There is a lazy assumption that other religious bodies, especially the Catholic Church and these days also the institutional expressions of Islam, are at least broadly in favour of the disestablishment of the Church of England, and see some potential advantage for themselves in such a prospect.
The tiniest modicum of research would put paid to any such delusion.
But then, who knows about the history of the Catholic Church and Irish Republicanism? Or about the history of the Church of Ireland and Irish Republicanism? Or about the history of the Ulster Presbyterians and Irish Republicanism? A lot of people think that they do.
Or about the very strong and ongoing opposition of the Darul Uloom Deoband to the theory of a separate Indo-Islamic nation? Or about the no less pronounced objections to the secession of Kosovo by the leaders of Serbia's Catholics, Jews, Roma, Muslims (yes, Muslims) and Albanians (yes, Albanians)?
Or about the very close ties between the Moscow Patriarchate and the Soviet regime, ties that were not without a refined metaphysical basis? Or about the practically symbiotic relationship between the Bulgarian Orthodox Church and the Communist regime in Bulgaria?
Further examples good, bad and indifferent could be added at great length in order to confuse the permanently adolescent.
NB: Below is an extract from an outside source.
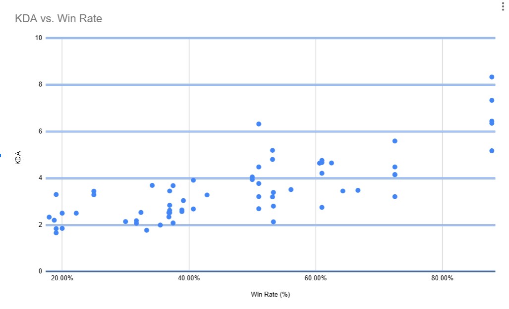 This scatter plot seeks to find a correlation between individual skill (KDA) and team success (Win Rate). Each dot on the chart represents one player from the dataset. This graph shows a strong positive correlation, indicating that KDA may have a significant impact on the outcome of the team. However, the chart also shows important outliers indicating that a player's individual performance can only carry the team so far. The scatter plot is probably the best way to look at correlation because it displays each point as an individual dot and allows you to draw conclusions based on the dots.

Among whom are are those who depict the kind of secularism recently and pointedly expressed in the Daily Telegraph as somehow part of "the Left", to which only a handful of this week's signatories had any known connection.
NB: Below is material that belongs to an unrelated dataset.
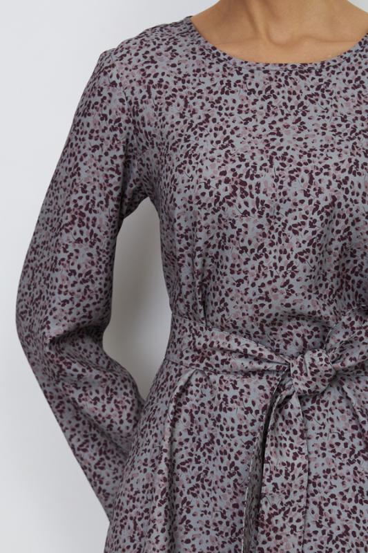 Платье свободного силуэта из плательной ткани. По центру передней части изделия выполнен шов. Цельнокроеная стойка, переходящая в V-образный вырез горловины, визуально делает фигуру стройнее. Втачной длинный рукав с центральным швом и декоративным разрезом по низу рукава. В комплекте пояс из основной ткани.

At least in Britain, it is the Right, at least as organised in partisan and connected terms, that has long had every reason to wish to see Christianity, as such, banished from public discourse, something for which it must be said that this week's signatories did not call.
Anyone worried that a future Labour Government might seek to extend the Conservatives' same-sex marriage legislation to the Church of England or to the Church in Wales has missed the point of quite what important Labour allies those now are. They are not going to be upset.
Labour anti-trade union legislation may be wildly improbable, but the unions would never go anywhere else even if they could. So even Labour action against them would still be more likely than this.
The Catholic Church, the old Free Churches and the black-majority churches, together accounting for around two thirds of English churchgoers and the same in Wales, are of course reliable members of the Labour family in any case.
But of course they could never quite say so. Just as the Anglicans, as such, could never quite say either that, or that they were "the Tory Party at prayer".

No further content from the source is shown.